Там не было ничего про сына, который сбился со счета в своей странной системе координат, в своей дурной бесконечности, ограниченной казенным заведением и медленно ползущими по конвейеру спичечными коробками.
Он подбирал ее там же, на трассе, и вел домой со скандалом, уже не страшась пересудов и насмешек, и когда целился в обтянутую желтоватой кожей скулу, она шла на него, несчастная, гордая, все еще мучительно желанная, дышала перегаром и ненавистью — отпусти…
И когда, одетая, падала поперек кровати, забывалась беспорядочным сном, он осторожно укладывался рядом, обхватывал руками, сжимал, прислушиваясь, будто к больному ребенку, ловил ее сбивчивое дыхание, готовый длить и длить эту муку, желать и ненавидеть, прощать и проклинать, ибо «крепка, как смерть, любовь; люта, как преисподняя, ревность. Большие воды не могут потушить любви, и реки не зальют ее»[27].
Ева
С некоторых пор я покупаю молоко в бутылках. Мне нравятся потеки на горлышке, прикосновение холодного стекла к губам, округлая форма сосуда. По утрам я пью молоко, стоя у окна. Это мой каприз, если угодно. Одним необходима чашка кофе. Иным — стакан чаю, окрашенного в древесный цвет. Либо прозрачного, сладкого, как в детстве. Когда сладость напитка важнее его крепости. Мне нравится опрокидывать бутылку медленно, поглядывая на разгуливающих по карнизу голубей. И жевать хлебец, купленный в частной пекарне. Не фабричную буханку, безликую, упакованную умной машиной. А неправильной формы хлебец, неравномерно выпеченный, ноздреватый, пористый, с вмятинами от пальцев. Причащение хлебом и молоком. Таинство. Жизнь.
Я пью молоко и наблюдаю за медленным пробуждением двора. Такого бесхитростного, одномерного, плоского. С наивной перспективой голубятен, с неприбранными женщинами, с кухонной пантомимой за мутными стеклами окон.
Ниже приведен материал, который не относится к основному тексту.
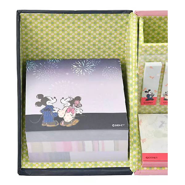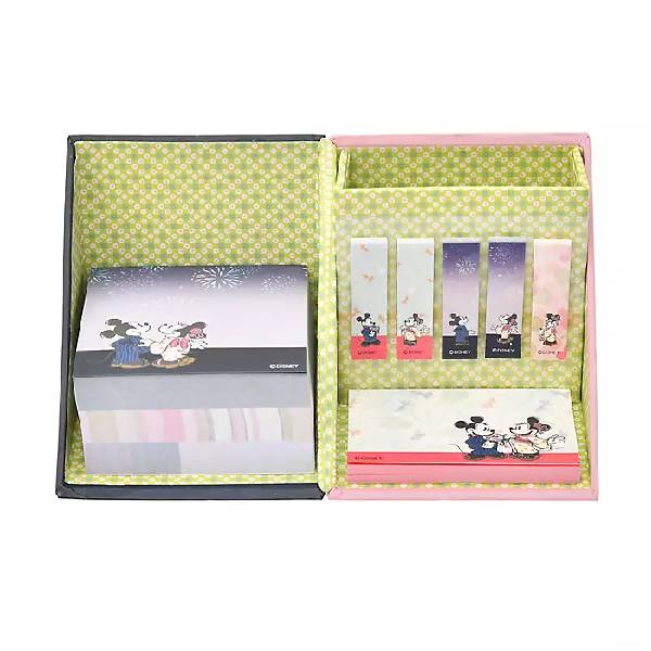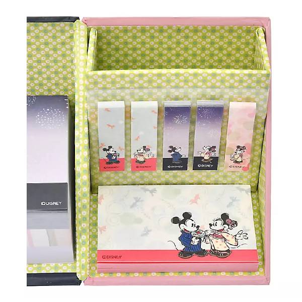 以日本夏季為主題的米奇和米妮memo紙套裝,包括筆架、多款便利貼、memo紙。

Я делаю шаг в глубь комнаты, и композиция меняется. В поле моего зрения попадают крыша соседнего дома, окно верхнего этажа, дорожка, рассекающая двор на две части, идущая по тротуару молодая женщина. Она идет, покачивая бедрами, будто знает, что я наблюдаю за ней. Эта женщина живет в доме напротив. Иногда я сталкиваюсь с ней в лавочке внизу. Она едва улыбается и опускает ресницы. Закусывает нижнюю губу и торопливо проталкивается к выходу.
Позже я узнаю, что у нее есть муж и что она немая.
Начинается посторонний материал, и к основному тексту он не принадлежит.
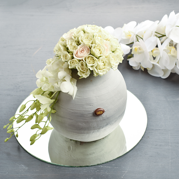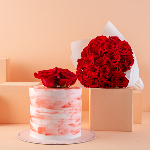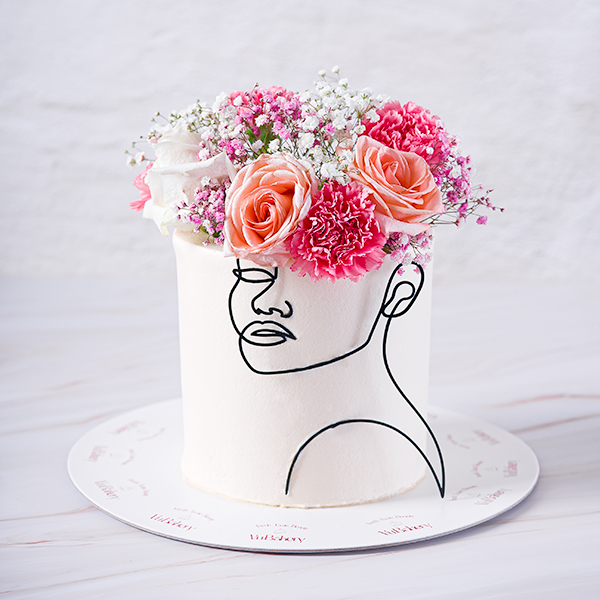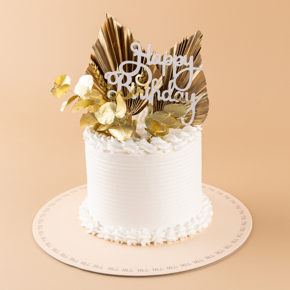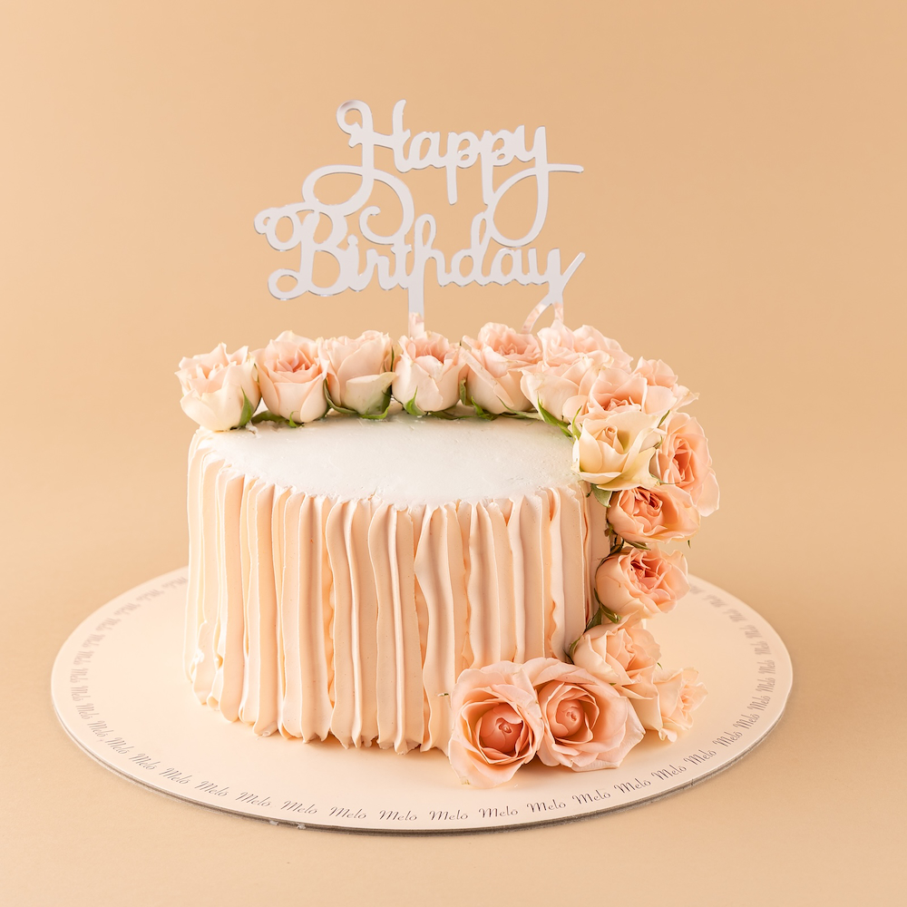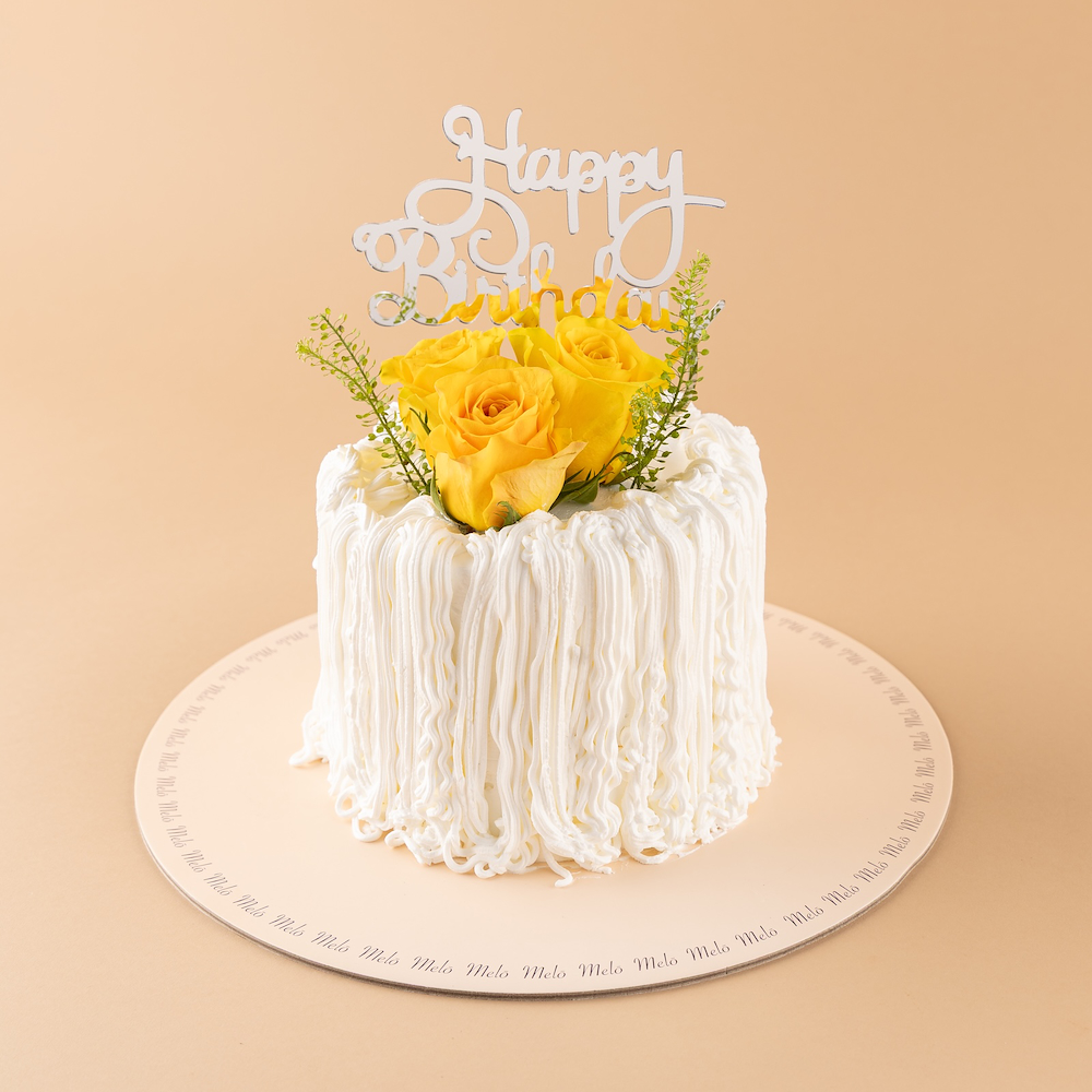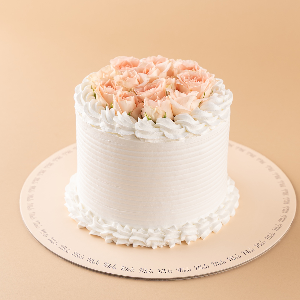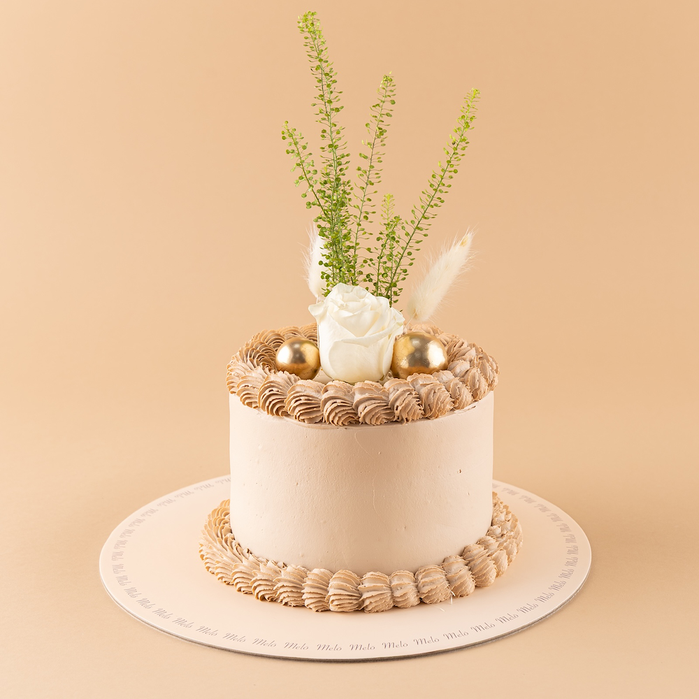 Melo vanilla cake decorated with a petal and a hand bouquet.
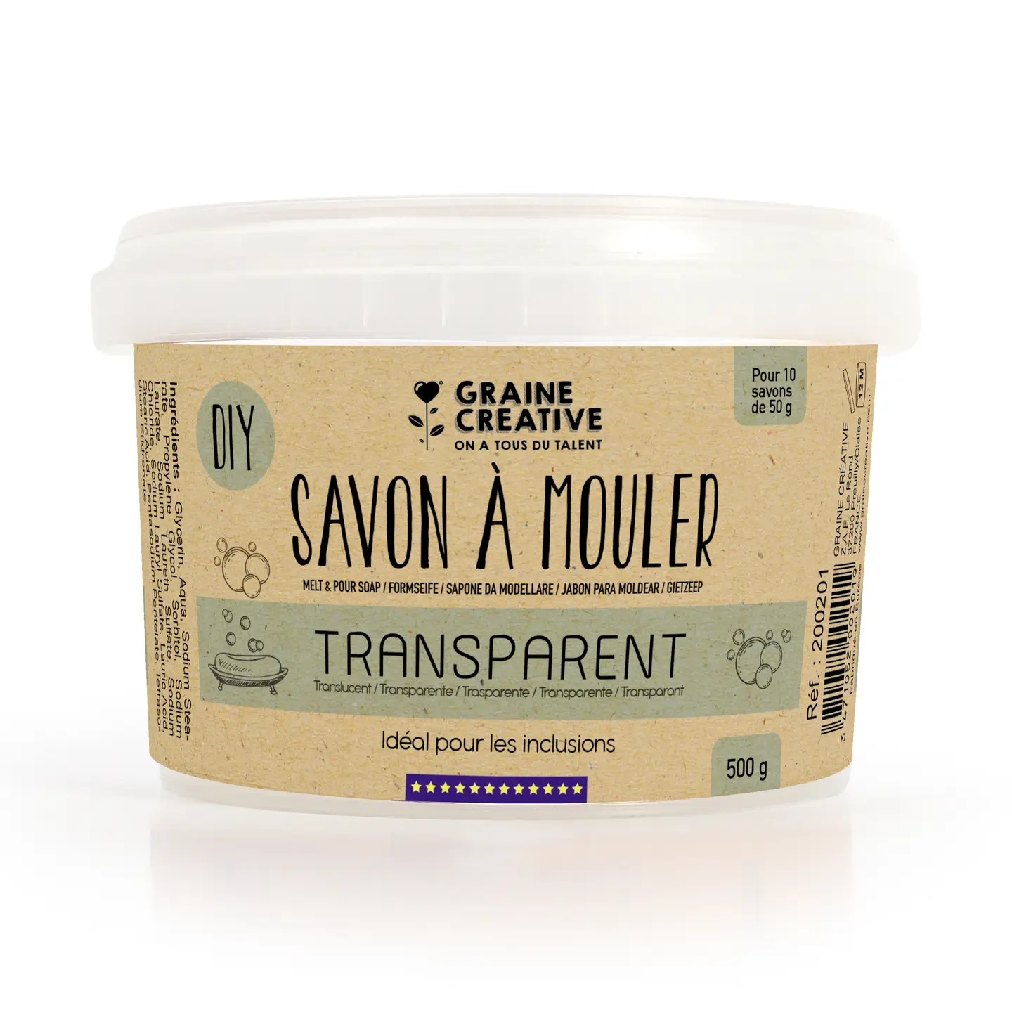 JABÓN EN BLOQUE TRANSLÚCIDO — 500 g

Будто серию акробатических этюдов исполняет она, складывая ладони, разводя их в стороны, прикладывая палец к губам, переносице, хмуря брови, — это единственная женщина, действия которой я не могу предвидеть, просчитать.
Существо из другого мира. Мира, в котором жесты больше слов. Ее молчание не кажется угрожающим, скорее, наполненным. Не разрывают ли слова ее грудь? Не переполняют ли сосуды, не собираются ли в тугие сгустки, напоминающие зимние сумерки или капли сгущенного молока?
Иногда я вслушиваюсь в ее дыхание. Спящая, она похожа на остальных — такая же беззащитная, — пробуждение ее похоже на танец — молча отбрасывает волосы, подходит к зеркалу, — иногда улыбка ее просыпается первой и заполняет пространство комнаты.
Мне кажется, время ее течет по иным законам. Израсходованное на слова, выяснения, упреки, оно утекает сквозь пальцы. Молчание представляется мне панцирем, околоплодным пузырем, в котором плещется душа. Мне хочется взять ее пальцы и, складывая их, научить произносить — Адам. Чтобы она послушно повторяла за мной.
Вместо этого я молча вхожу в нее, вторгаюсь без спроса, — будто взламываю тайник, пренебрегая паролем. Я вслушиваюсь в ее мычание, разбиваю его на звуки, складываю их в слова, тайком от нее я впишу их в тетрадь, чтобы однажды расшифровать. Перевести.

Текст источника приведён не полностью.